Independent thesis Advanced level (degree of Master (Two Years)), 20 credits / 30 HE credits
Climate change is one of the major challenges of the 21st century. The energy sector represents the main contributor to global greenhouse gas emissions, due to its reliance on fossil fuels. Renewable energies arise as current solutions. Nevertheless, they are still facing two central difficulties: the lack of large-scale energy storage technologies to deal with their intermittent nature (e.g. wind and solar power), and the absence of energetically dense fuel alternatives for the transportation sector. Additionally, biogas technologies are indispensable for achieving sustainable societies. They result in energy and nutrients recovery from waste, mitigating greenhouse gas emissions and other kinds of pollutions. These technologies are required in circular economies, characterised by the nonproduction of disposable wastes. However, biogas needs to be upgraded to optimise its properties as energy carrier. Indeed, biogas upgrading results in a broader use for the gas, besides combined heat and power generation; enabling its efficient transport, large-scale storage, and use as vehicle fuel.

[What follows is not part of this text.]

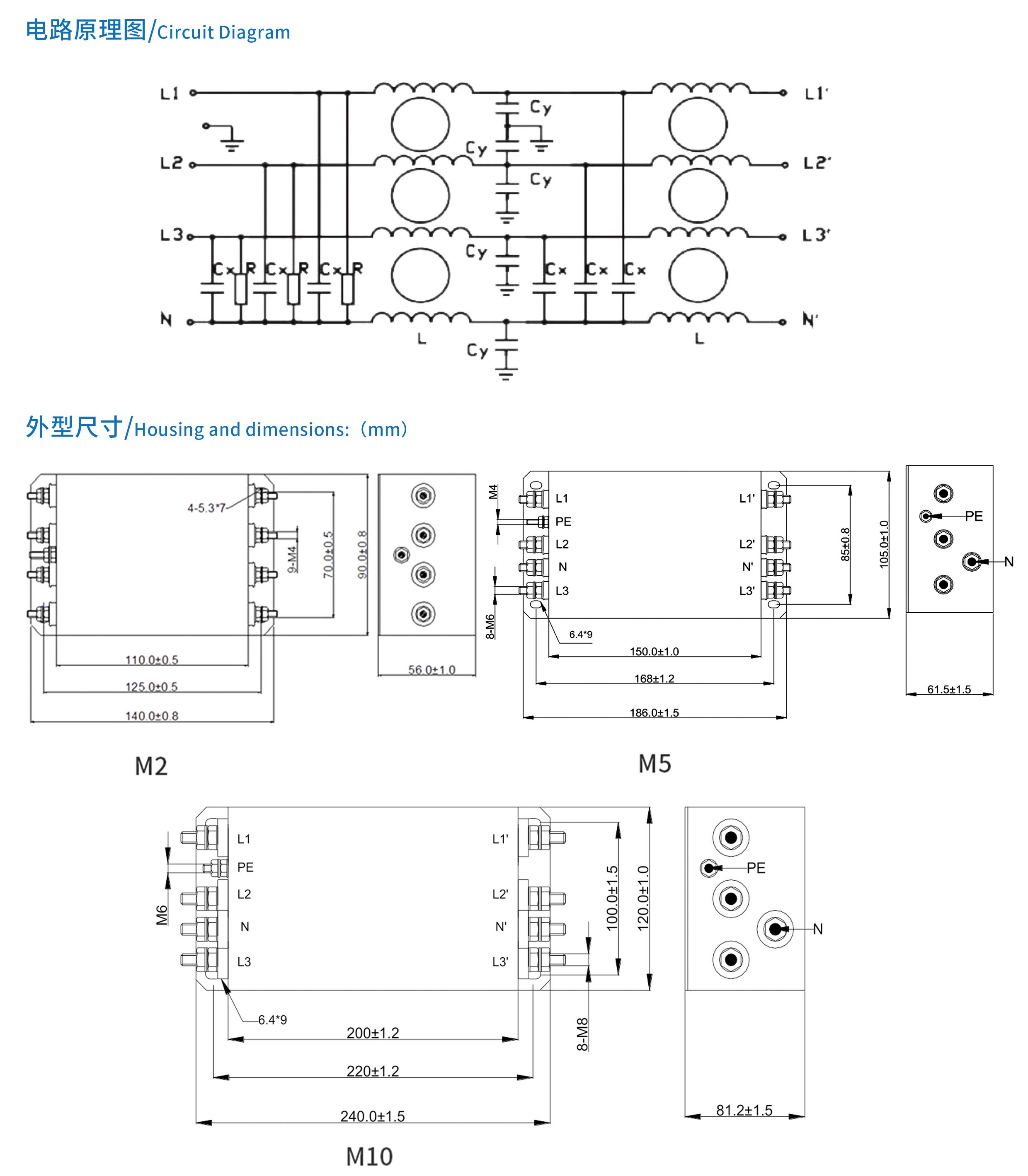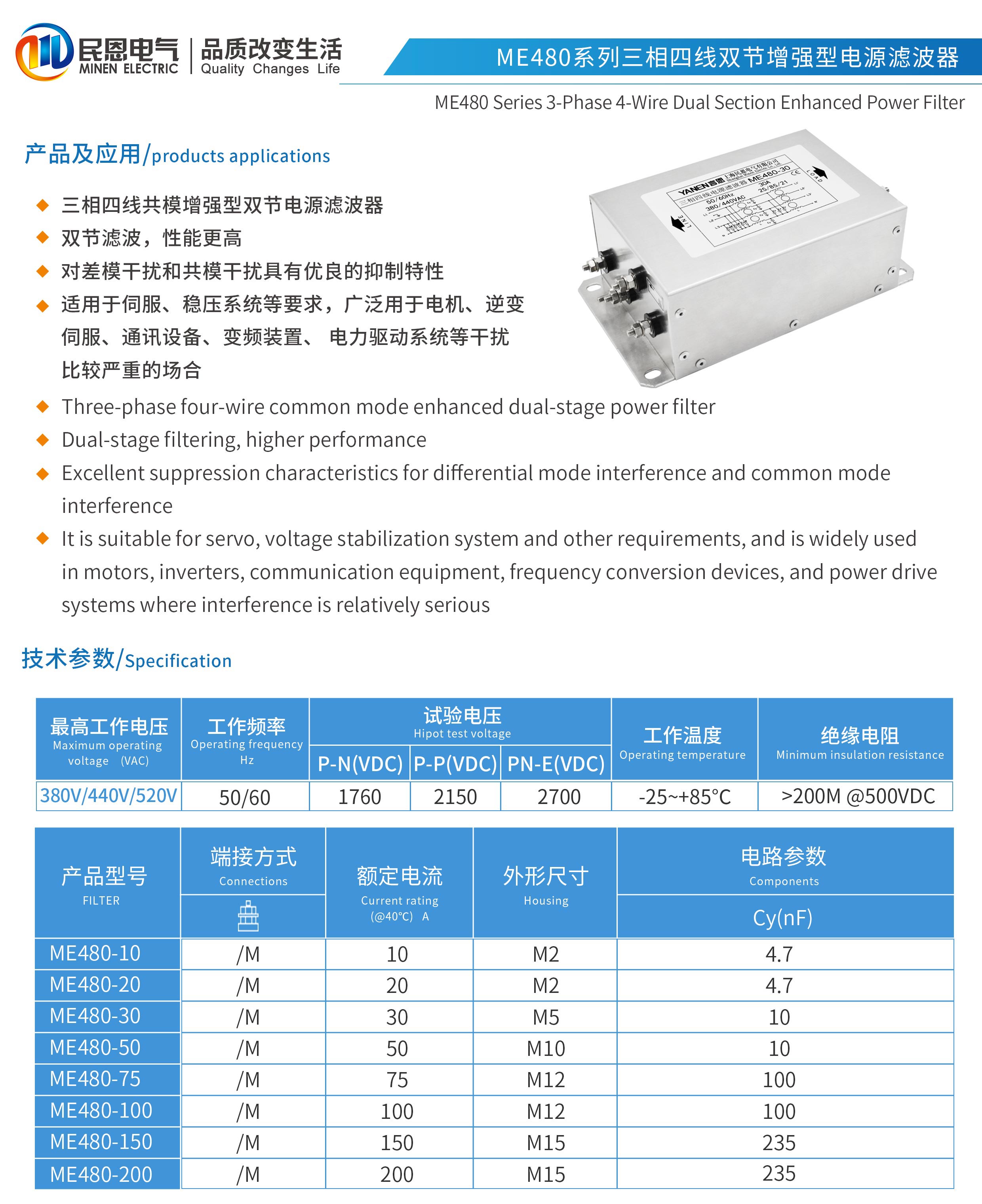 ME480系列雙節三相四線電源濾波器

This project shows how electricity and gas systems can be integrated through an innovative Power-to-Gas technology which is able to partially solve these problems. The technology is based on the synergy of coupling biogas plants to hydrogen generation systems powered by off-peak electricity surpluses from intermittent renewable energies (e.g. solar and wind power), and subsequent biological methanation of the CO2 from the biogas and the produced H2 in an ex-situ anaerobic reactor. At first, this thesis presents a detailed definition of the overall innovative system and its different components. Subsequently, focus is put on the search for the most suitable biological methanation technology for industrial purposes. Through experimental work, this thesis examines and compares four different anaerobic reactor configurations, aiming to determine the most effective technology among the ones studied. Expressly, the experiment investigated different diffusion techniques for injection of the gases in the liquid media, together with diverse pore-sizes for the mentioned diffusers. The leading reactor configuration transformed 98.4% of the injected H2 at the highest loading rate tested (3.6 LH2/LR.d), upgrading biogas from a CH4 concentration of 60% to 96% in volume. The performance of the different setups is examined, and origins for the biological efficiency variations are elucidated, in order to help with the selection of subsequent experimental prototypes. Given its early stage of development, this biomethanation unit process forms the pivotal technology of the overall system. As soon as this technique is developed, a fully commercial system will be available to initiate major environmental and socio-economic benefits.